Dilnot report: How will we pay for elderly care?

An elderly woman Image copyright PA
Image caption The cap could cost the Treasury between £2-3bn a year

Labour paid a heavy political price before the last election for proposing what the Conservatives dubbed a "death tax". Next week the government will be urged to cap the bills people face for caring for the elderly.

The Commission on Funding of Care and Support, to be published next week, will contrast the good news - we're living longer - with the bad - the bills for caring for us are soaring. A quarter of people aged over 65 can expect a bill of over £50,000; for 1 in 10 a bill of over £100,000.

Capping that at, say, £35,000 would mean that people would not risk losing their house or all their savings. The report comes next week but today the Commission's Chairman Andrew Dilnot told me how a cap could work.

The cap would, he hopes, encourage the growth of a range of new financial products - not just care insurance but ways to release equity from people's houses and funds from pension schemes to pay bills up to the cap. The government would pledge to cover the rest.
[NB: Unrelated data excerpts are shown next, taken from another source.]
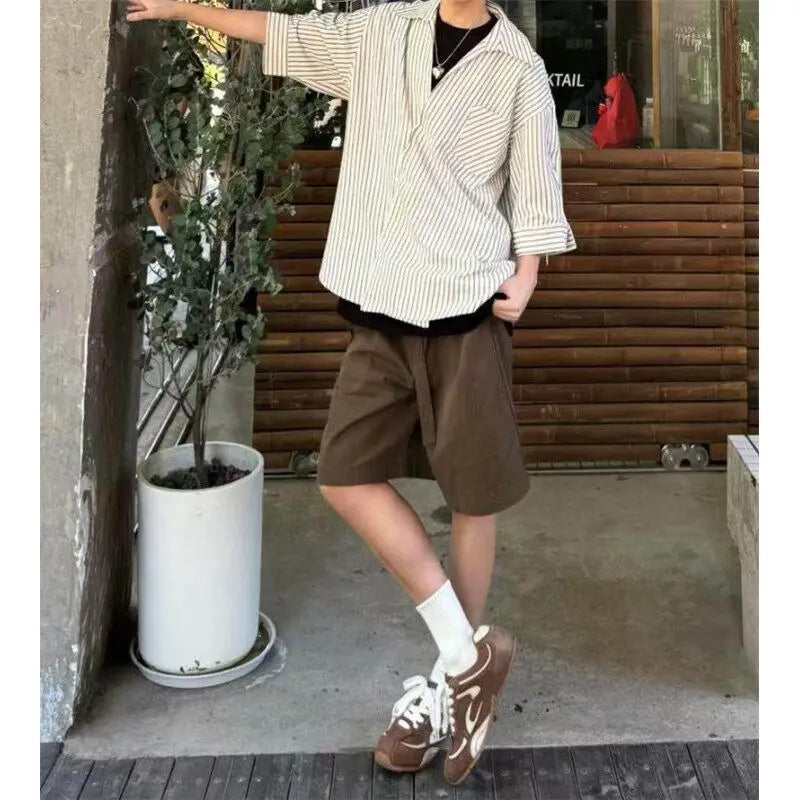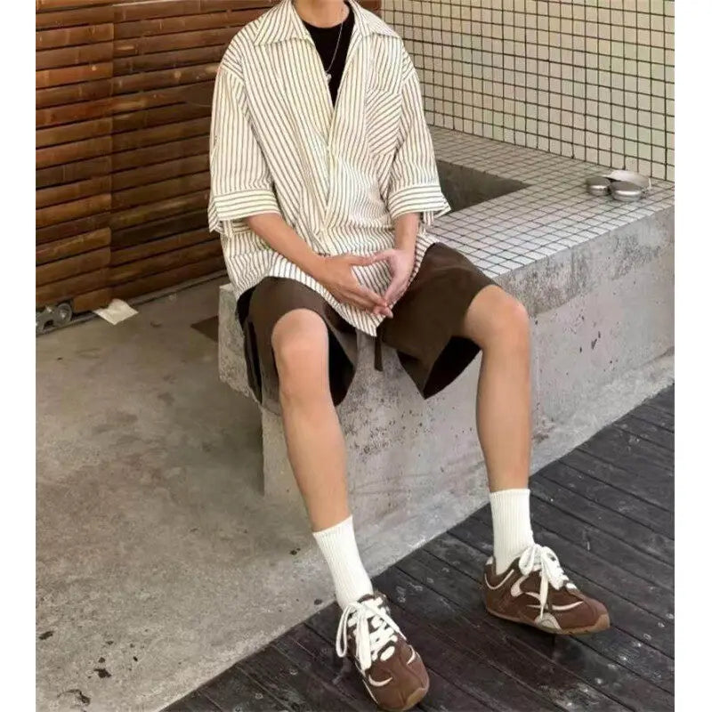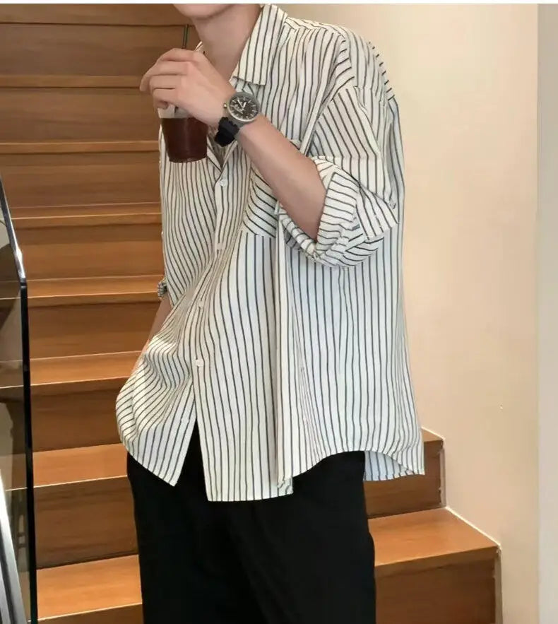 BONSIR - Oversized Men's Striped Half Sleeve Shirt, Simple, Comfortable and Versatile, Business Casual Unisex
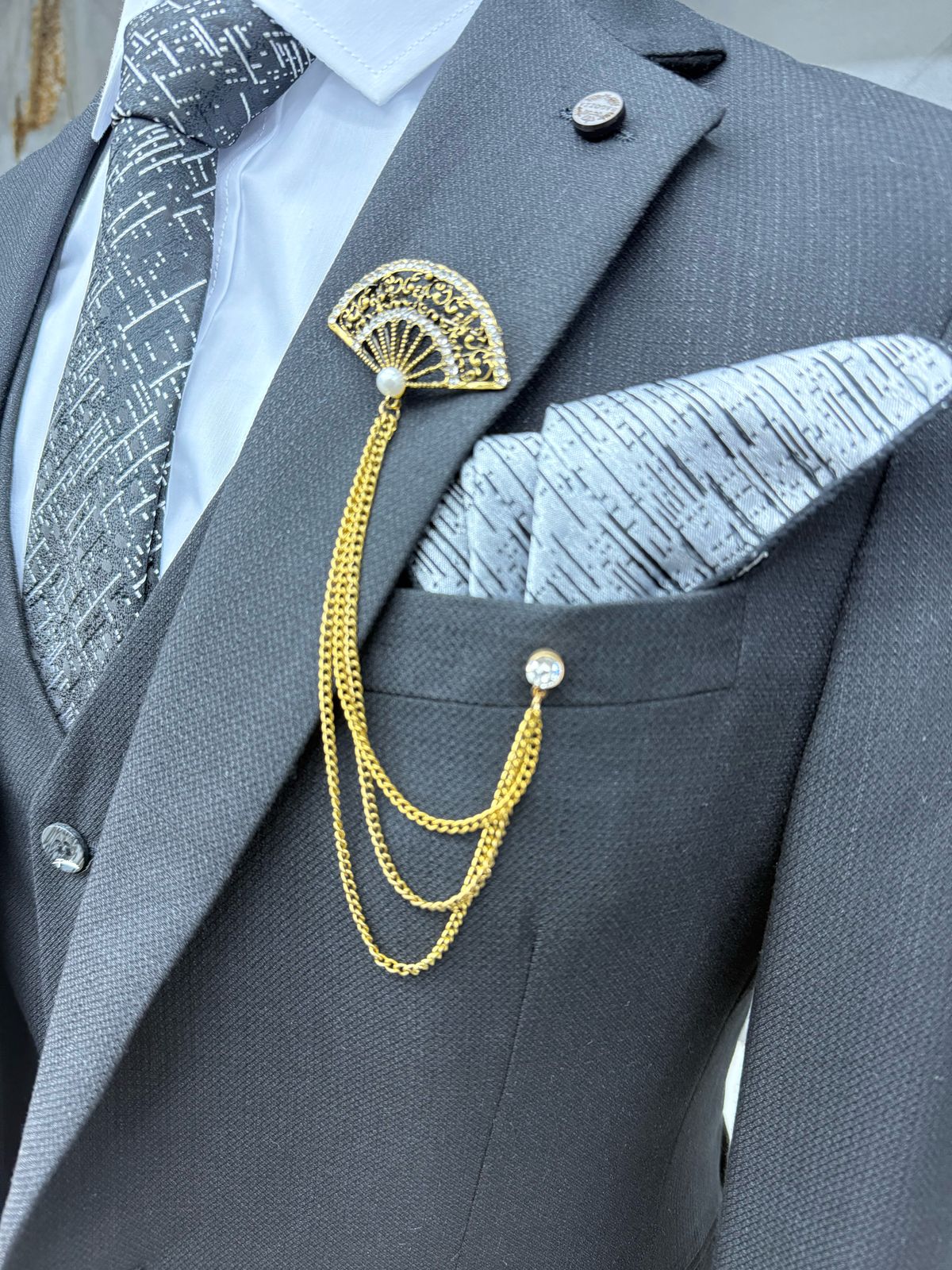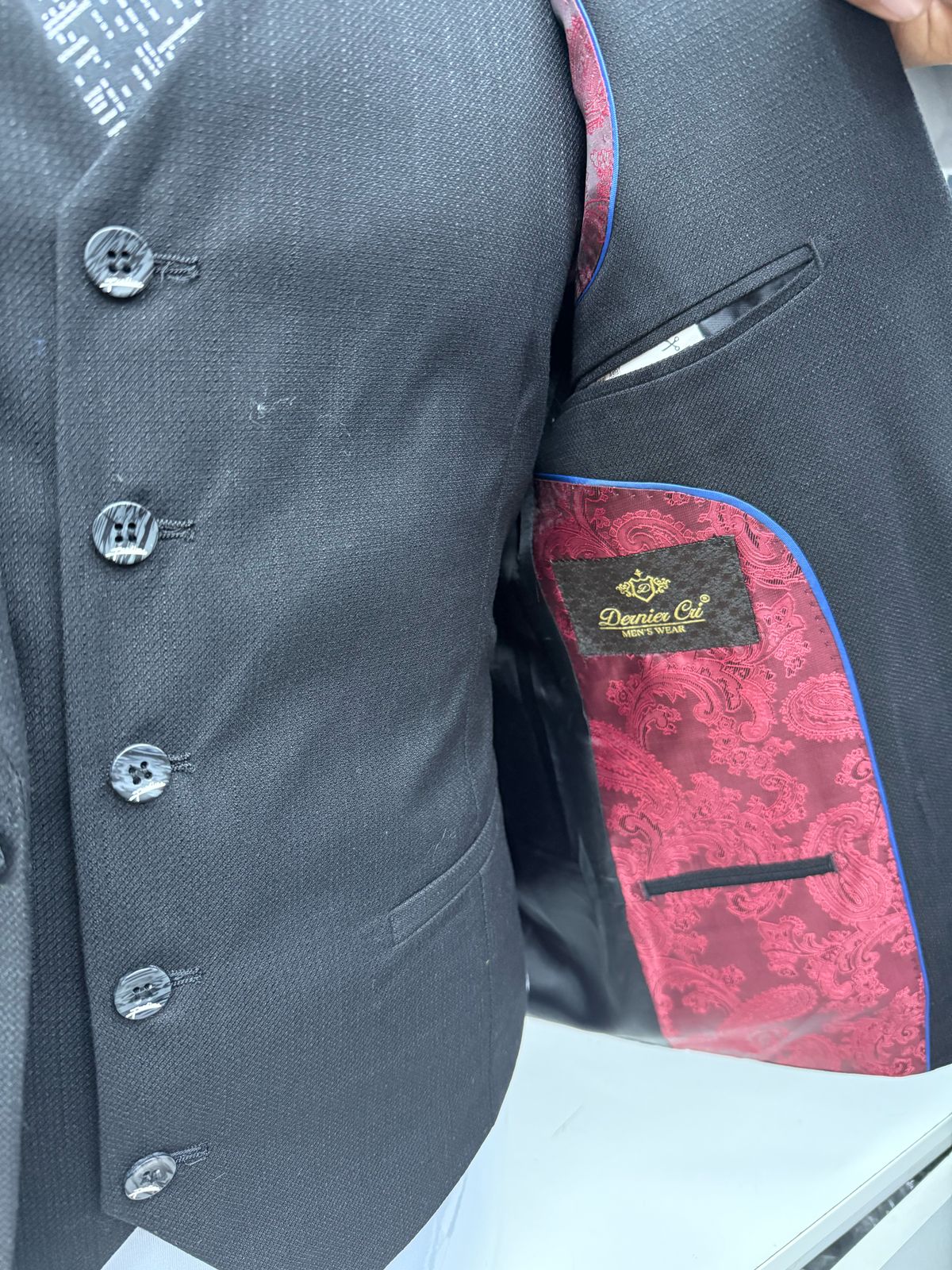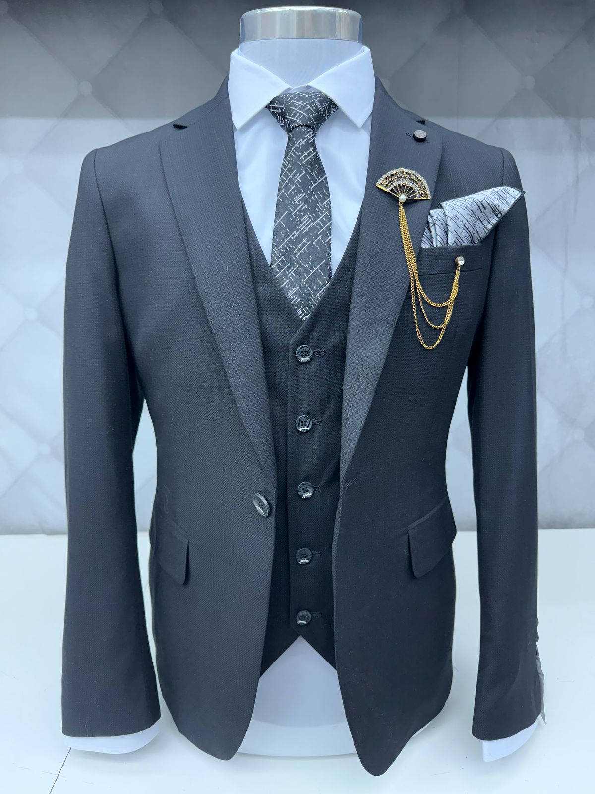 Elevate your professional style with our exquisite three-piece suit, expertly crafted to make a lasting impression. This sophisticated ensemble consists of a jacket, vest coat, and trousers, all tailored to perfection with a distinctive Turkey-style weave texture.
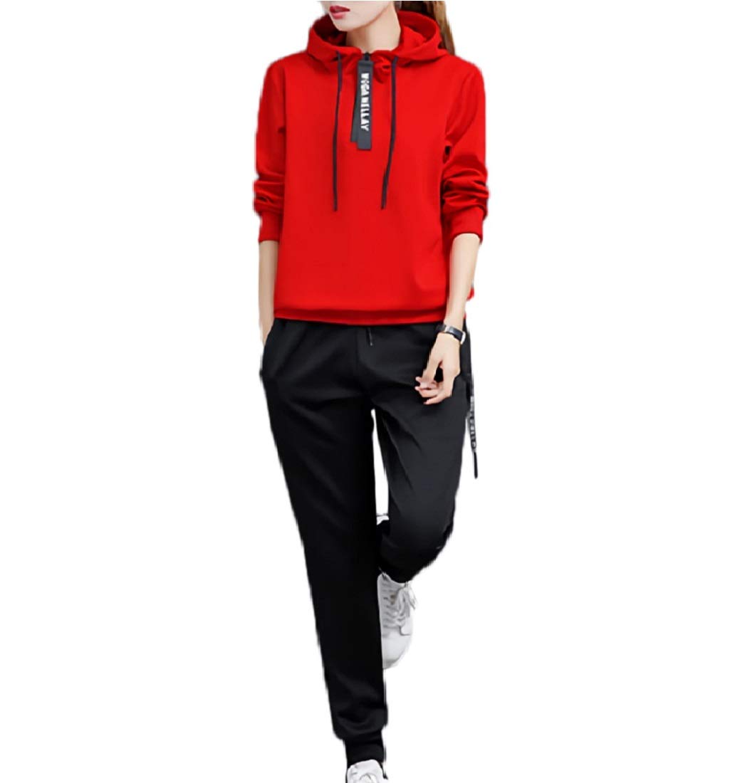 【送料無料】[ジルア] スウェット パーカー ジャージ レディース 上下 セット トレーニング スポーツ ルーム ウェア バイカラー #007 色:A02.レッド、サイズ:2XL
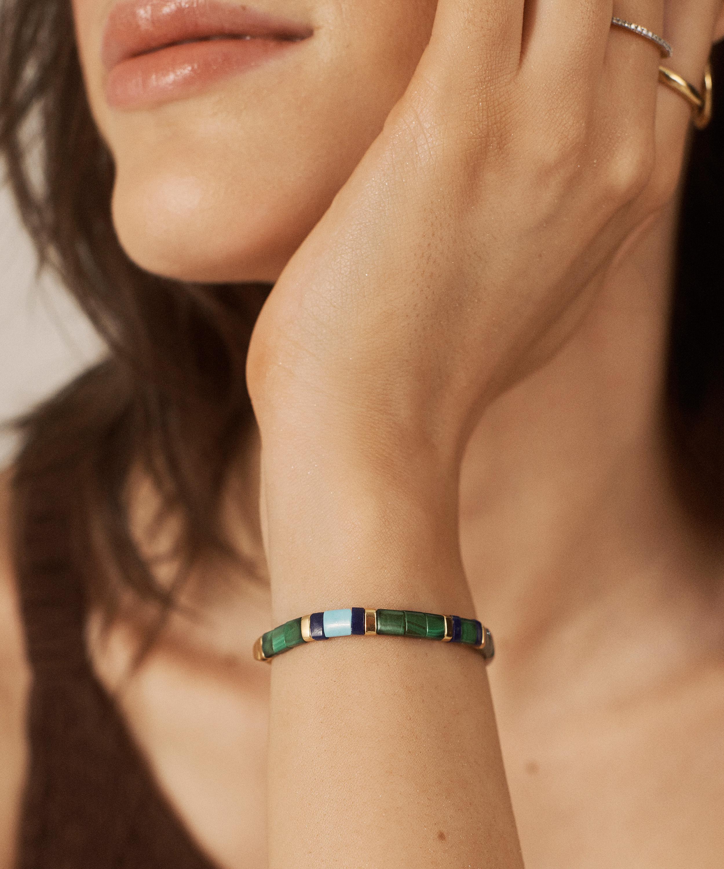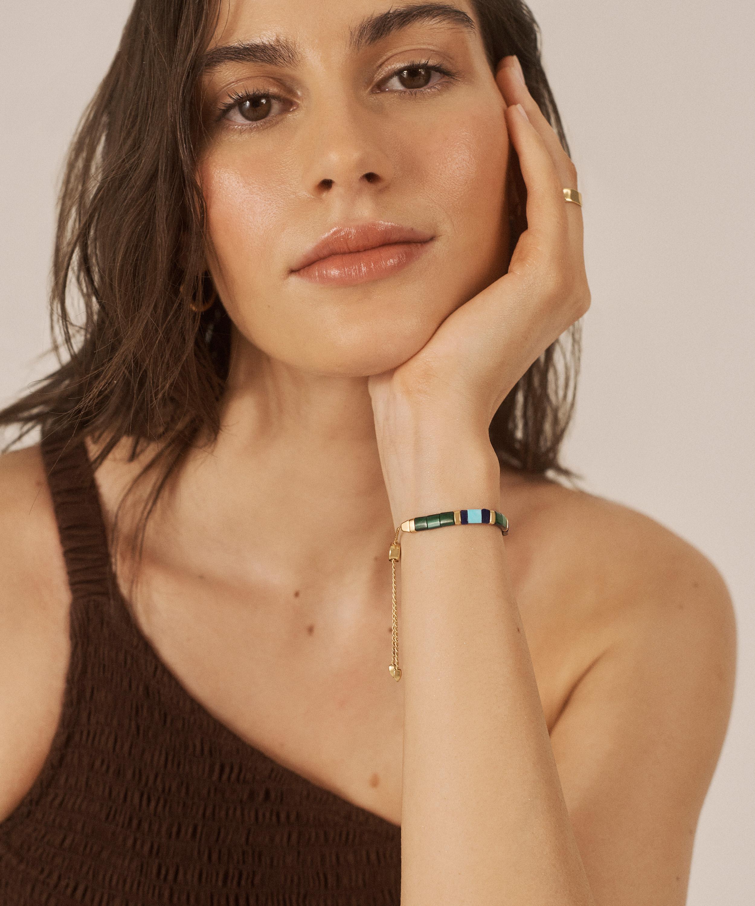 Compliment a silver wrist stack with this colourful malachite bracelet from Monica Vinader. Boasting a unique friendship bracelet, it’s crafted from sterling silver plated in 18ct gold vermeil – featuring a string of malachite gemstones. Complete with a charming slider clasp, incorporate it into your own daily line-up, or gift it to someone your care about.
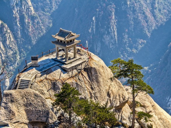 Хуашань возвышаются над северо-западными равнинами, известные как «самые крутые горы в мире».
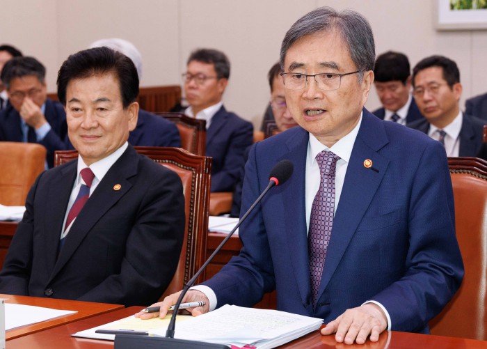图为韩国外交部长官赵显8日出席在首尔汝矣岛国会的质询。【图片=纽斯频通讯社】

The cap could cost the Treasury between £2-3bn a year - the same as the cuts to public sector pensions. I'm told that ministers are likely to welcome the report whilst urging those who want to see it implemented to suggest where the money might come from.

The charity Age UK has suggested asking pensioners to pay National Insurance. Other controversial ideas include means-testing disability benefits or domiciliary care. Politics could yet kill this idea too.